*** SUPPLIED INFORMATION Section Begins ***

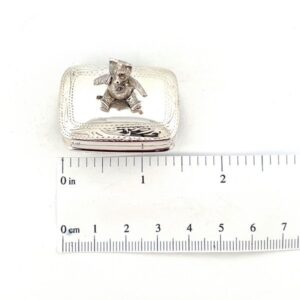A teddy bear shaped pill box in 925 English hallmarked sterling silver, featuring a hinged interior compartment within a sculptural decorative form.
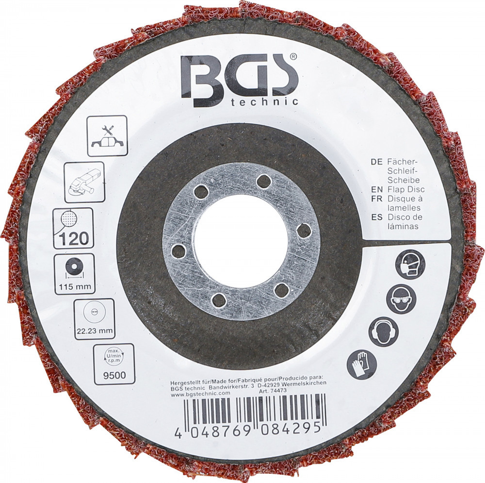 BGS technic Legyező alakú csiszolótárcsa | Flíz | Ø 115 mm | 120-as szemcsefinomság (BGS 74473)
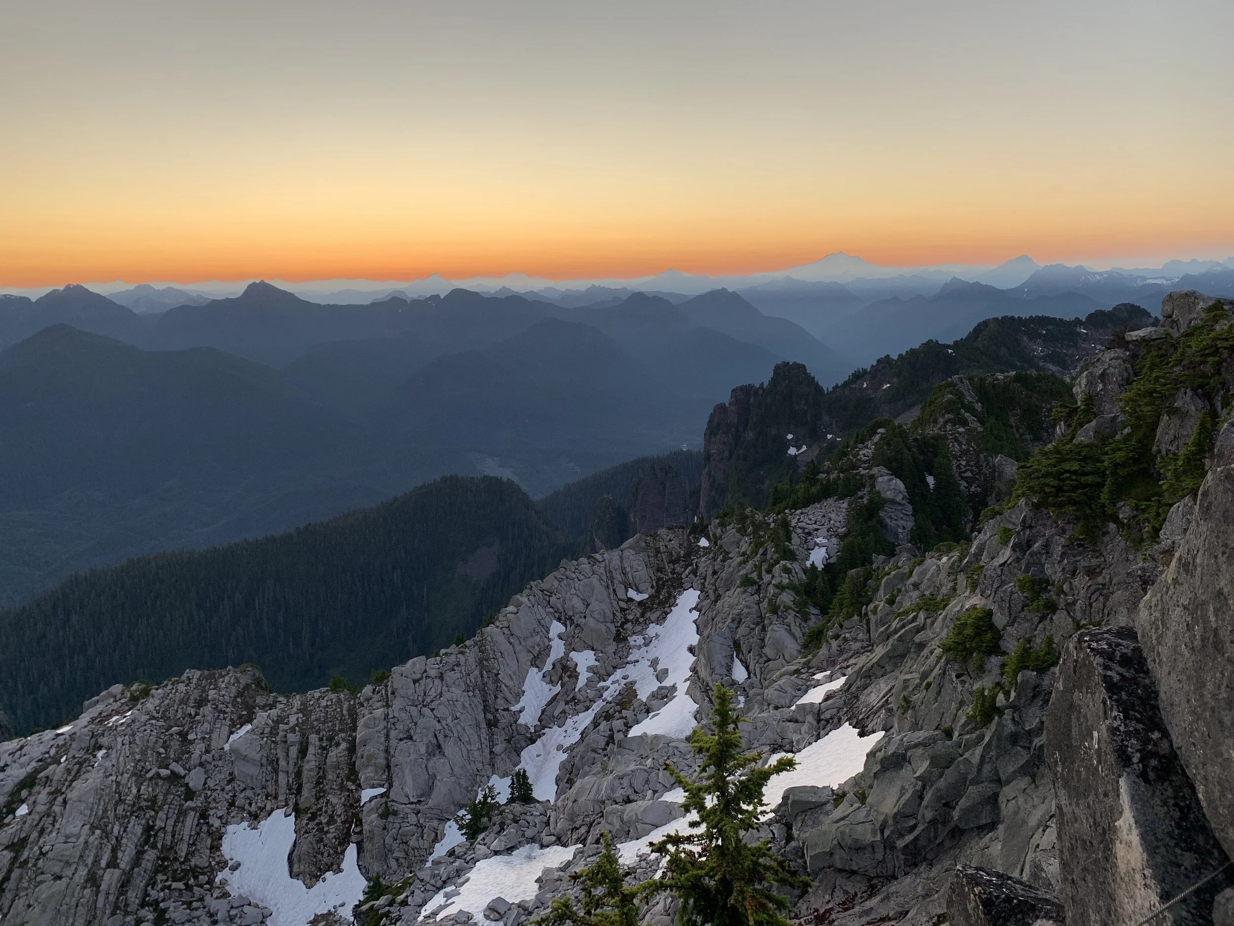 I vividly remember going up some of the switchbacks and looking behind us. In the middle of the forest there was a little break in the trees and I could see the city lights miles and miles away in the distance. I paused for a moment and looked around and remember feeling such a sense of tranquility. I could've been sleeping in my bed like everyone way out there. But instead I was breathing in the freshest air Washington State had to offer.
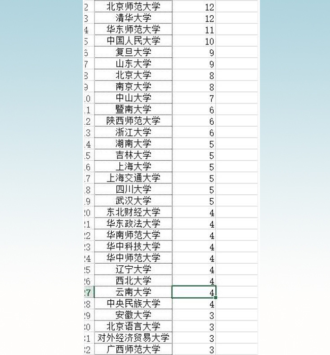 根据统计,获得较多项目的高校有:中山大学(7项)、 中国人民大学(10项)、 浙江大学(6项)、陕西师范大学(6项)、山东大学(9项)、乐动平台(12项)、南京大学(8项)、 华东师范大学(11项)、 复旦大学(9项)、 北京师范大学(12项)、 北京大学(8项)。
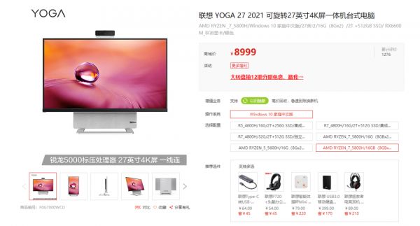如果你真的想购买一体机的话,那么你还应该知道,在同样价位下,消费者还有很多可以选择的产品。如果你在乎显卡性能,那么联想YOGA 27 2021应该是个不错的选择。联想YOGA 27 2021可选AMD R7 5800H处理器+最新款的锐龙RX6600M独立显卡,搭配16G内存+2T HDD+512G SSD存储配置。双风扇六热管散热系统,使得这款产品双烤可以达到65W+100W的理想性能。

*** SUPPLIED INFORMATION Section Ends ***

Set down all of the material above exactly as written, leaving the pictures out.

A teddy bear shaped pill box in 925 English hallmarked sterling silver, featuring a hinged interior compartment within a sculptural decorative form.
 BGS technic Legyező alakú csiszolótárcsa | Flíz | Ø 115 mm | 120-as szemcsefinomság (BGS 74473)
 I vividly remember going up some of the switchbacks and looking behind us. In the middle of the forest there was a little break in the trees and I could see the city lights miles and miles away in the distance. I paused for a moment and looked around and remember feeling such a sense of tranquility. I could've been sleeping in my bed like everyone way out there. But instead I was breathing in the freshest air Washington State had to offer.
 根据统计,获得较多项目的高校有:中山大学(7项)、 中国人民大学(10项)、 浙江大学(6项)、陕西师范大学(6项)、山东大学(9项)、乐动平台(12项)、南京大学(8项)、 华东师范大学(11项)、 复旦大学(9项)、 北京师范大学(12项)、 北京大学(8项)。
如果你真的想购买一体机的话,那么你还应该知道,在同样价位下,消费者还有很多可以选择的产品。如果你在乎显卡性能,那么联想YOGA 27 2021应该是个不错的选择。联想YOGA 27 2021可选AMD R7 5800H处理器+最新款的锐龙RX6600M独立显卡,搭配16G内存+2T HDD+512G SSD存储配置。双风扇六热管散热系统,使得这款产品双烤可以达到65W+100W的理想性能。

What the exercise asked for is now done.